Los Paladines de Void Sect rápidamente hicieron lo mismo y se enfrentaron a Mia y los demás. Así, la batalla se volvió aún más intensa. «¡Descubramos qué tan capaz es realmente el maestro de la Secta Cielo Azul!» Reflexionó Wynona mientras golpeaba con la palma de la mano el pecho de Hansel.
Inmediatamente se disparó una tremenda ráfaga de viento, su fuerza era tan grande que dobló el espacio a su alrededor y casi lo hizo trizas.
“¡Mocoso arrogante! ¡Te mostraré qué es el verdadero poder! Hansel replicó. No hay manera de que me eche atrás en esto. ¡Estoy seguro de que puedo matar a Wynona de un solo disparo! Por desgracia, Hansel comenzó a dudar cuando su palma chocó con la de Wynona.
La presión de la explosión fue tan abrumadora que a pesar de la protección de su escudo de energía, todavía podía sentir que le dolían las mejillas. Aparte de eso, el poderoso retroceso lo había hecho retroceder unos pasos antes de que lograra recuperar el equilibrio.
Por supuesto, las cosas tampoco fueron fáciles para Wynona.
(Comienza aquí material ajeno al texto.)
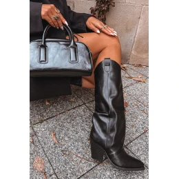 Dámské kozačky ve stylu cowboy vyrobené z eko kůže jsou ideční volbou pro ženy, které ocení módní vzhled spojený s pohodlím. Charakteristický střih inspirovaný západním stylem dodává výjimečný ráz. Model je osazen na stabilním, zkráceném podpatku typu sloupek, který nejenže přidá několik centimetrů výšky, ale také zajišťuje komfort a jistotu při chůzi. Špičaté nosy zvýrazňují ženský styl, opticky zeštíhlují nohu a praktické zapínání na zip usnadňuje obouvání a sundávání. Jsou to boty, které se skvěle hodí jak k běžnému, tak i elegantnímu outfitu – dobře se kombinují s šaty, sukněmi nebo přiléhavými kalhotami, vytvářejí působivý módní vzhled. Při výběru velikosti prosím řiďte se tabulkou velikostí. Při výběru velikosti se řiďte tabulkou velikostí.

Ella también se había tambaleado hacia atrás debido a la fuerza, pero, sorprendentemente, permaneció tranquila y concentrada.
«¿Cómo puede haber un luchador tan poderoso en el mundo mundano?» Hansel murmuró, con el rostro tenso en una mueca de dolor.
Puede que no haya desatado todo mi poder, pero ese golpe fue al menos el setenta por ciento del mismo. ¿Cómo es que Wynona sigue de pie y deteniéndome? ¡Me siento tan humillada! «¡Tienes que morir hoy!» —gritó Hansel.
Dicho esto, se desvaneció en una sombra negra y rápidamente reapareció detrás de Wynona. Sin embargo, antes de que pudiera atacar, de repente sintió una presencia aterradora detrás de él. «¿Ataque furtivo?»
Hansel quedó atónito. Después de sentirse congelado en el lugar por una fracción de segundo, supo que algo estaba muy mal. Era como si una fuerza invisible lo hubiera encerrado en su lugar.